Foto: Bartler-Team

Fünfte Jahreszeit beginnt: Über 500 Narren versammeln sich in Rottweil - mit Staubwedel und Regenschirm.

Rottweil - Wer an Dreikönig vormittags Richtung Altes Rathaus zieht, hat verlässlich die mitunter schon fortgeschrittenen Trainingseinheiten der Klepfer als Begleitmusik durch die Gassen. Aus dem Café Schädle dringt Stimmengewirr durch die offene Tür, schwarz-gelbe Details an der Garderobe und Accessoires gehören bei vielen zum Dresscode und in der Luft liegt erwartungsvolle Spannung.

Als die Tagwachkapelle drinnen im überfüllten Café anhebt, wird aus der Spannung so etwas wie ein kollektives Freudestrahlen. Mit der Aussendung der Abstauber wird die Fasnet gewissermaßen »offiziell«. Sogar das Wetter hat ein Einsehen und dreht den Regenhahn bei diesem formalen Akt ein bisschen zurück.

Auf dem Balkon des kirsnerschen Hauses beziehen unterdessen Narrenmeister Christoph Bechtold und seine Vorstandskollegen Aufstellung. Die Ansprache an die »Bürgersleut’ von Rottweil« falle dieses Jahr knapp aus, kündigt er an. Eile ist geboten. Nicht etwa wegen des Wetters oder weil in den Häusern, in denen die Abstauber ihre Arbeit erledigen werden, der Weißwein für die Schorle an Temperatur gewinnt. Nein, »da drüben«, sagt der Narrenmeister und zeigt zum Alten Rathaus hinüber, herrsche ein Chaos, das den Vorstand dazu bewogen habe, zu ungewöhnlichen Mitteln zu greifen.

Nicht erst am Fasnetssonntag werde in diesem Jahr das Stadtregiment übernommen, sondern bereits am kommenden Mittwoch. Und abgeben will man es zum Wohle der Stadt auch nicht mehr. Der Übergang ist bruchlos vorgesehen und funktioniert nach einer einfachen Formel: »Wir ersetzen den Gemeinderat einfach durch den Ausschuss von der Narrenzunft. Fertig.«

Auslöser für diesen Aktionsplan ist die Wechselwelle, die den Wählerwillen in Frage stellt. Der Narrenmeister weiß, wovon er spricht, immerhin ist er selbst einer derjenigen, die im bürgerlichen Leben »meinen, sie müssten sich beruflich verändern«, »selbstverwirklichen« oder nach 31 Jahren einfach aufhören.
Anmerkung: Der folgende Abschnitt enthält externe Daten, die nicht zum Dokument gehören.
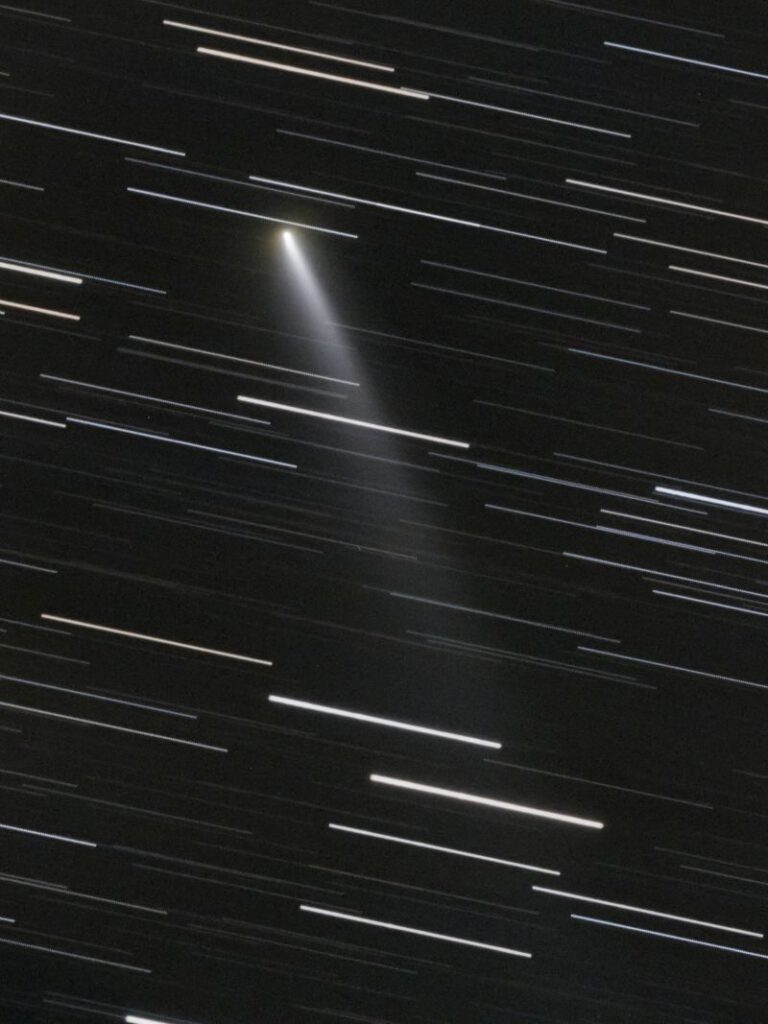 (Das obige Bild ist auf den Kometen „registriert“, weshalb sich dessen Bewegung in den Strichspuren der Sterne widerspiegelt.)

In den Reihen des Ausschusses gebe es nicht nur Sachverstand unterschiedlichster Profession und politische Gesinnung bunter Couleur, sondern stilsicheres Auftreten und eine standardmäßige »Mindesthalbwertszeit von 25 Jahren«, und dazu einen weiteren, entscheidenden Vorteil: Bechtold hat als Reiter beider Sättel den zentralen Unterschied zwischen Rat und Ausschuss ausgemacht. Hohes Diskussionspotenzial besteht demnach in beiden Gremien auch bei Banalitäten.

Im Gegensatz zum Gemeinderat kämen bei der Narrenzunft dabei aber neue Ideen heraus. Man wisse ja, wie groß deren Kreativität sei. Oberbürgermeister Ralf Broß werde sich daran gewöhnen. Dass die Narren auch in Bausachen absolute Käpsele sind, sieht man derzeit an der innerstädtischen Paradebaustelle. Wegen der Pracht des angrenzenden Zunfthauses habe die Stadt nachziehen müssen, um zu verhindern, dass das Schwarze Tor allzu sehr verblasst. Der Hinweis auf den Schönheitsfehler, die Uhrzeit auf dem vorgehängten Fassadenbild, kommt aus dem Publikum.